COVID-19 Forces Widespread Small Business Closures

Small Business

The coronavirus pandemic forced more than one-fifth of U.S. small businesses to close between February and April as minority- and women-owned businesses were hit hard, a new study shows.

A National Bureau of Economic Research analysis, The Impact of COVID-19 on Small Business Owners, said the number of active small business owners in the U.S. fell by 22% from 15 million in February to 11.7 million by the end of April.

“The drop in business owners was the largest on record, and losses were felt across nearly all industries and even for incorporated businesses,” Robert Fairlie, a University of California Santa Cruz economic professor, writes in the report.
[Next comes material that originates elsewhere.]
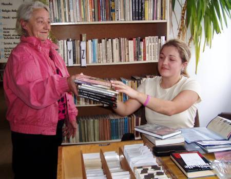 Foto Pani Maria Otta zdaje pani Emilii „porcję” książek. Przeczytała ich 13 w ciągu dwóch tygodni. Fot. Marek Grania |
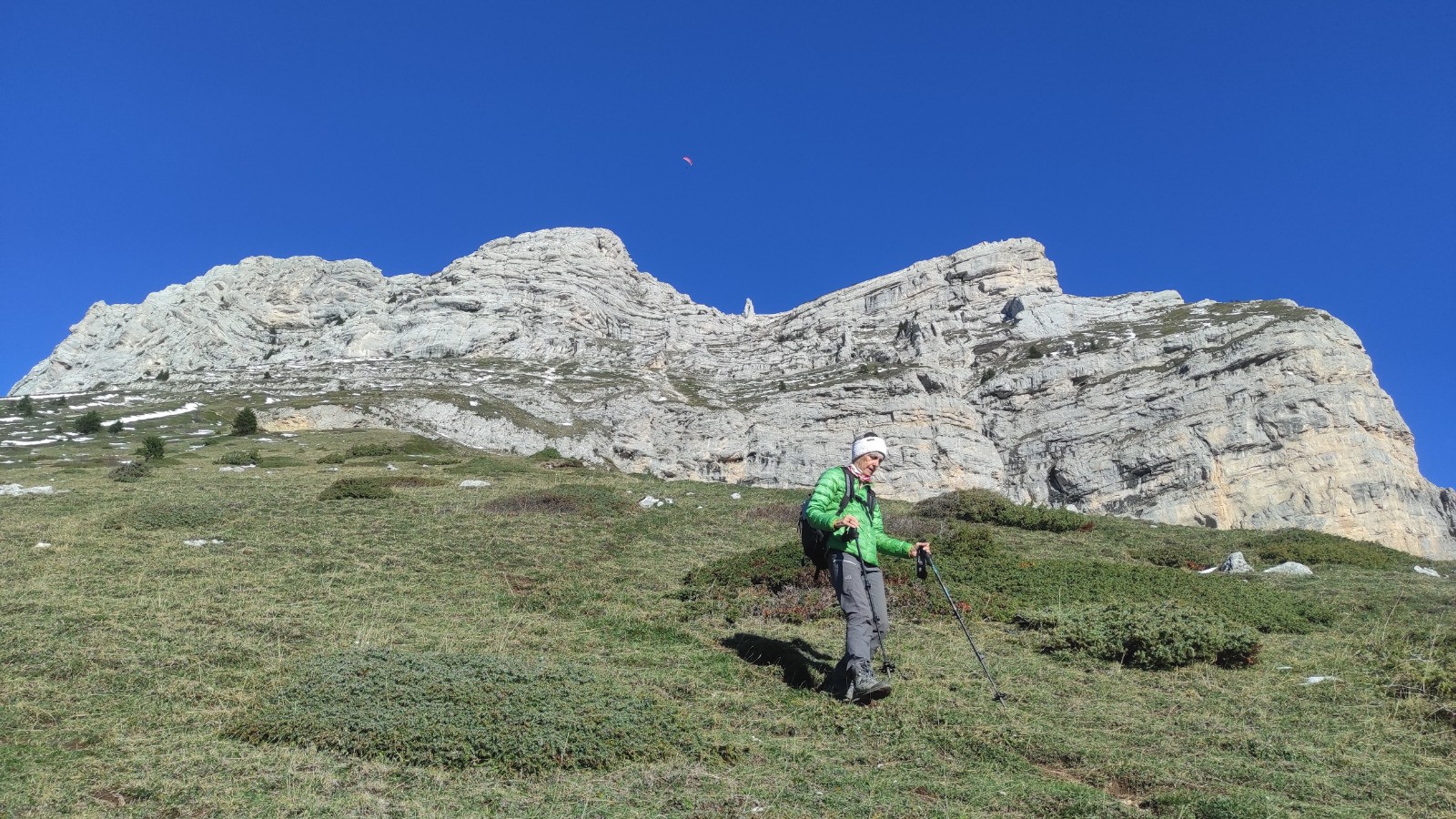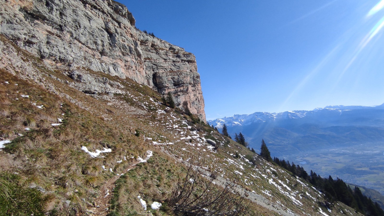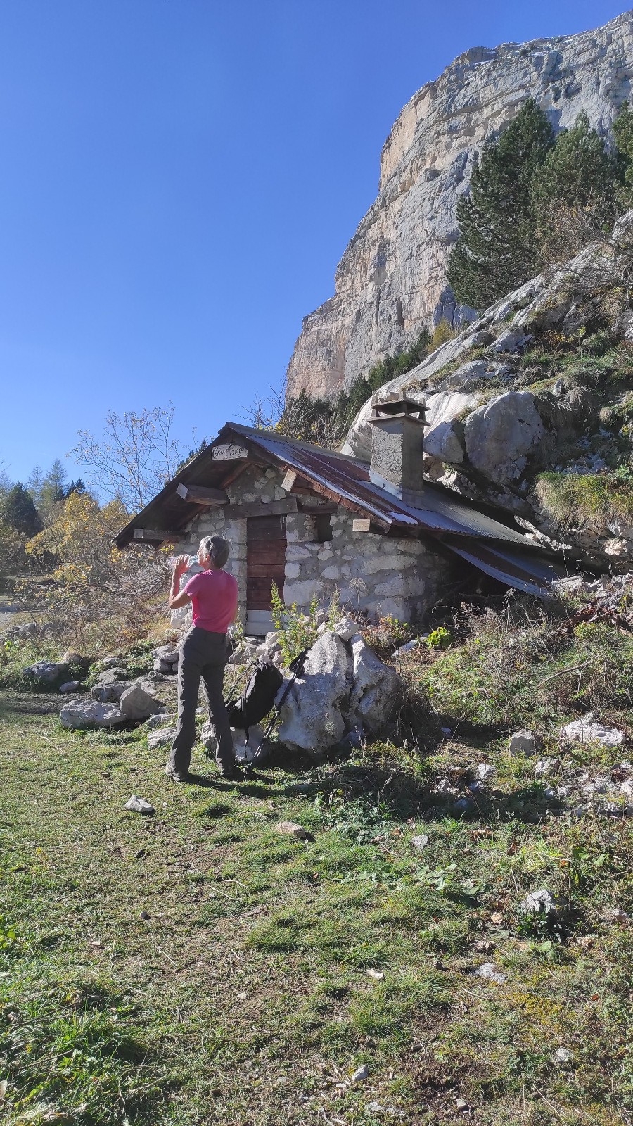 Avec Sylvie, en partant de St Pancrasse et passant par la cabane du berger, petit coup d’œil à l'entrée de la grotte Annette, souvenir de notre traversée sous terre depuis le trou du Glaz. Un chamois nous observe avant le pas des Terreaux. Le passage est beaucoup mieux sécurisé que la dernière fois ou nous l'avions fait.

By comparison, the Great Recession saw the number of business owners fall by 730,000, or 5%—far less than the 3.3 million owners the coronavirus claimed from February through April.


The analysis also found that:

  • African-American owned businesses were hit the hardest by COVID-19, with a 41% drop from 1.1 million to 640,000
  • Immigrant-owned businesses fell 36% from 3.1 million to 2 million
  • Latino businesses fell by 32% from 2.1 million to 1.4 million
  • Asian businesses were down 26% from 888,000 to 658,000
  • Women-owned businesses decreased 25% from 5.4 million to 4 million
  • White-owned businesses fell 17% from 10.5 million to 8.7 million.

African-American businesses were hit the hardest by COVID-19, with a 41% decline.

The disproportionate impact on women-owned businesses “will only further increase gender inequality in business ownership and perhaps broader economic inequality,” Fairlie wrote.

“The negative early-stage impacts on minority- and immigrant-owned businesses, if prolonged, may be problematic for broader racial inequality because of the importance of minority businesses for local job creation and economic advancement.”

Sector Losses

The number of unincorporated small businesses fell from 7.8 million to 5.1 million, or 34%, while incorporated businesses dropped from 5.8 million to 4.7 million, or 20%.

The report, which Fairlie called the first analysis of the pandemic’s impact on small businesses, used nationally representative data from the April 2020 Current Population Survey.

Agriculture appears to be the only major industry the virus spared.

Construction, restaurants, hotels and transportation all faced large declines.

“Construction, restaurants, hotels and transportation all faced large declines in the number of business owners due to COVID-19,” the report said.

Construction businesses fell by 670,000 from 2.4 million to 1.7 million.

“Although construction businesses experience a lot of swings in demand, it is not clear how many of these business owners will be able to come back,” the report said.

Long-Term Impact

Other small business sectors that were hurt include arts and leisure, accommodations, restaurants, transportation services, and retail.

The pandemic’s long-term impact on small businesses could be devastating, the report said.

“Many of these closures may be permanent because of the inability to pay ongoing expenses and survive the shutdown.”

“Many of these closures may be permanent because of the inability to pay ongoing expenses and survive the shutdown.”

The analysis notes that the Payroll Protection Program, despite some controversies, provided $669 billion to small businesses with more still available.

But it warns that any further large closure of small businesses will likely “have a dramatic effect on employee job losses, further income inequality, and contribute to a prolonged recession.”